Ciaran Harman1,2,3, Kathleen Lohse4, Peter Troch2, Siva Sivapalan1
1 Department of Civil and Environmental Engineering, University of Illinois
Department of Hydrology and Water Resources, University of Arizona
Department of Geography and Environmental Engineering, Johns Hopkins University
Department of Biological Sciences, Idaho State University
Surface soils in semi-arid landscapes can vary over very small distances, with a great deal of variation
associated with 'resource islands' created and maintained by woody vegetation. These patches tend to
have high levels of organic matter, mostly generated in situ, and are an important carbon and nutrient
resource in stark landscapes. Studies in the past have shown that these islands persist and retain carbon
for very long periods of time. Given the low bulk density, low cohesiveness and relative lack of surface
armoring, it is amazing that these soils can persist in landscapes dominated by rapid overland flow and
sheet-flow erosion.
Observations of hillslopes underlain by both granite and schist parent materials in the Santa Catalina
mountains (part of the JRB-SCM Critical Zone Observatory) suggest that the carbon rich surface soils
are protected from erosion by a combination of higher infiltration capacities, divergent flow around
micro-topography, and probably (although no data on this was collected) protection by the canopy from
rainsplash and trampling by cattle and scientists.

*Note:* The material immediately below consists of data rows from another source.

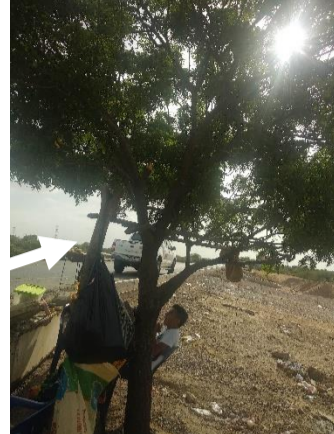
Foto 4. Árbol de Neem ( Azadirachta indica ) ubicado en el derecho de vía Troncal del Caribe

En el sitio se evidencio que algunos kioscos ubicados en la margen izquierda de la vía Troncal del Caribe ya fueron destruidos, así mismo se evidencian los arreglos o modificaciones en el acceso de vía sentido troncal vía Urbía margen izquierda frente al parador turístico, lo que demuestra que requieren modificar el sector para el acceso de los vehículos de gran tamaño y quitar al personal vendedor que se hace paralelo al derecho de vía.
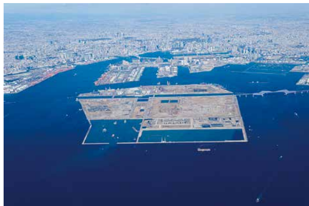
新海面処分場の様子

今使われている新海面処分場は、あと50年くらい は埋め立てできるようですが、東京港に作る事が できる最後の埋立処分場であるため、少しでも長く 使う必要があります。
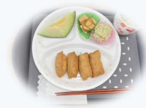
6月はおいなりさんでした

ココ食堂は子どもから高齢の方などどなたでも参加していただける食堂です。徐々に参加者が増え、品切れで時間前に終了してしまうこともあります。季節を感じるメニューを工夫して、お子さん連れやお友達同士など、皆さん楽しく食事をしています。ココ食堂での交流を通じ、地域のつながりが豊かになるといいなと思っています。
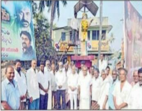
కౌతవరంలో ఎన్టీఆర్ విగ్రహం వద్ద నివాళులర్పిస్తున్న తెదేపా నేతలు
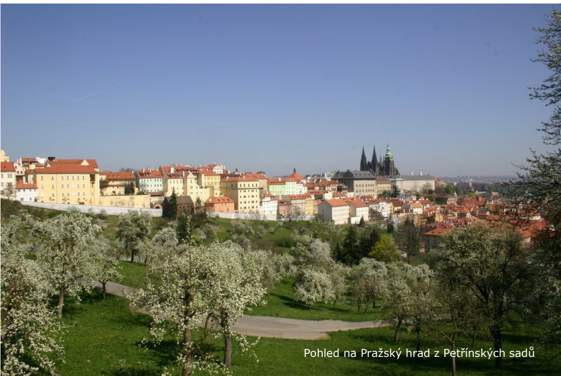
Pohled na Pražský hrad z Petřínských sadů

Po úspěšném zdolání krátkého stoupání se před námi otevře pohled do vrchní části Petřínských sadů , které patří mezi nejrozsáhlejší zelené
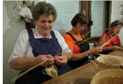
Pletenje kit iz pšenične slame ohranjajo in prenašajo na mlajše rodove v KUD Fran Maselj Podlimbarski iz Krašnje.

Scaling up from these small-scale behaviors is important for understanding the water, sediment, carbon
and nitrogen dynamics, and their delivery to streams in semi-arid areas. In this presentation I will
discuss how we are using a combination of field data and modeling to explore how these small-scale
processes control these fluxes at hillslope and small watershed scale.. One hypothesis relevant to the
aims of STRESS that we are pursuing is that the dynamics of carbon in these patchy hillslopes is
something like mobile-immobile transport, but with particles being generated and retained within the
immobile zone (the patches beneath vegetation). Furthermore, due to the increased fertility of these
resource islands and the role that vegetation plays in protecting the soils, the rates of generation and
retention may increase with local concentration.